* [EXERCISE GOAL]
Retype the listing below exactly, pictures removed.

* [DATA SECTION]
- - - - - - -

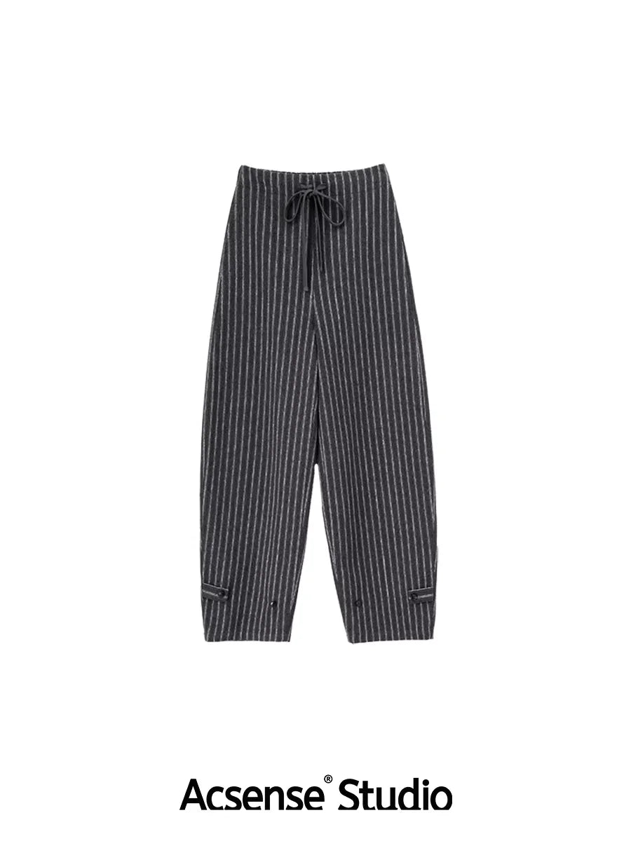 ACSENSE STUDIO Relaxed Pinstripe Wide-Leg Drawstring Pants
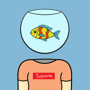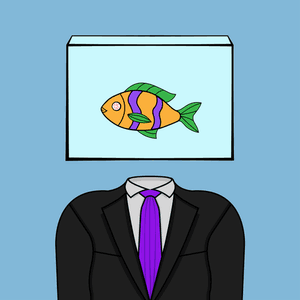 Toen we aan dit NFT project begonnen, hadden we geen idee waar we het over zouden laten gaan. We begonnen met onderzoek en waren op zoek naar inspiratie. We hadden een aantal ideeën opgeschreven, maar konden geen beslissing nemen omdat geen van hen echt opviel. We besloten om zo willekeurig mogelijk te werk te gaan. Na een paar ideeën en schetsen kwamen we op het idee van een vis die in een kom leeft en een menselijk lichaam bestuurt. Zodra de eerste schetsen klaar waren, waren we behoorlijk enthousiast.
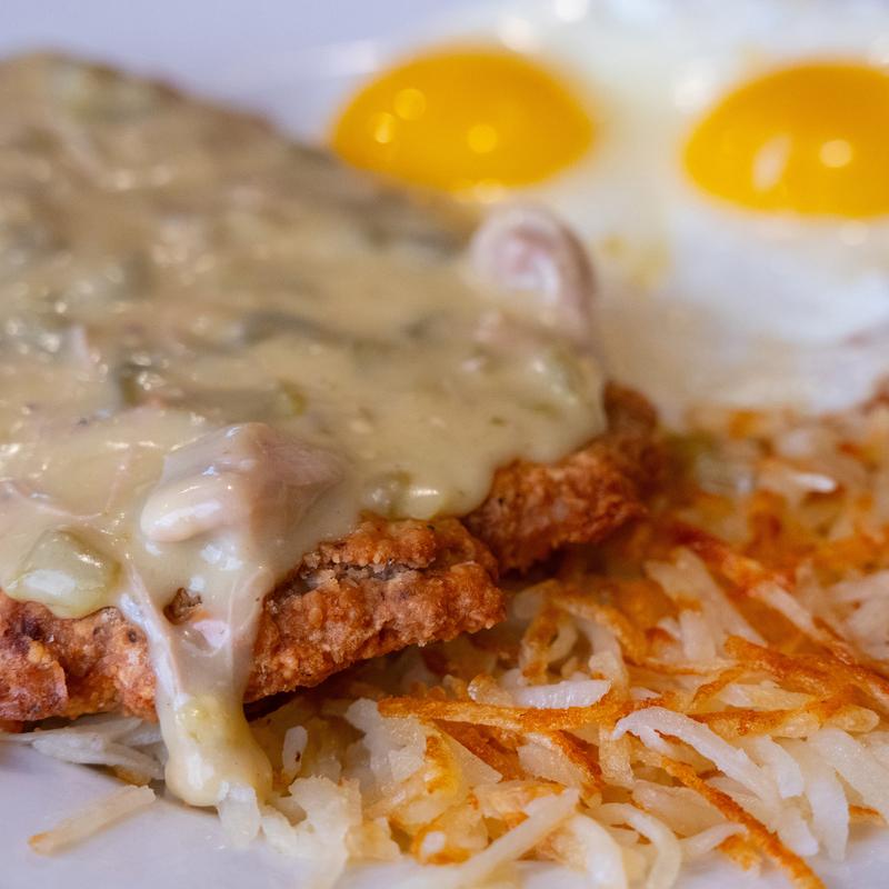 Two eggs, hash browns, and crispy chicken fried steak smothered with Frank Sr.’s creamy green chile chicken gravy or your choice of red or green chile. Served with toast or tortilla.
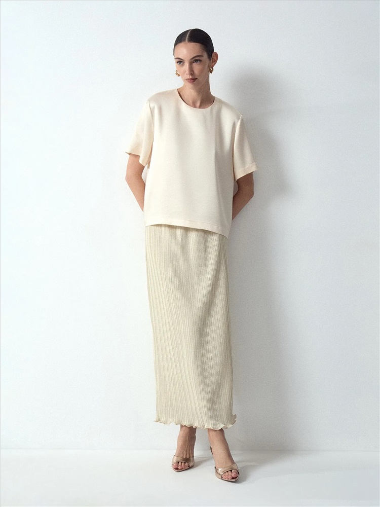 Обаятельная в своей лаконичности блузка подойдёт и к празднику, и на каждый день. Атлас нежного сливочного оттенка делает образ элегантным. Модель имеет круглый вырез и свободный короткий рукав. Застёгивается на крючки. На спинке под застёжкой располагается аккуратный вырез-капля. Дополнить образ можно любым базовым низом и стильным поясом.

- - - - - - -

* [RESPONSE BOX]
 ACSENSE STUDIO Relaxed Pinstripe Wide-Leg Drawstring Pants
 Toen we aan dit NFT project begonnen, hadden we geen idee waar we het over zouden laten gaan. We begonnen met onderzoek en waren op zoek naar inspiratie. We hadden een aantal ideeën opgeschreven, maar konden geen beslissing nemen omdat geen van hen echt opviel. We besloten om zo willekeurig mogelijk te werk te gaan. Na een paar ideeën en schetsen kwamen we op het idee van een vis die in een kom leeft en een menselijk lichaam bestuurt. Zodra de eerste schetsen klaar waren, waren we behoorlijk enthousiast.
 Two eggs, hash browns, and crispy chicken fried steak smothered with Frank Sr.’s creamy green chile chicken gravy or your choice of red or green chile. Served with toast or tortilla.
 Обаятельная в своей лаконичности блузка подойдёт и к празднику, и на каждый день. Атлас нежного сливочного оттенка делает образ элегантным. Модель имеет круглый вырез и свободный короткий рукав. Застёгивается на крючки. На спинке под застёжкой располагается аккуратный вырез-капля. Дополнить образ можно любым базовым низом и стильным поясом.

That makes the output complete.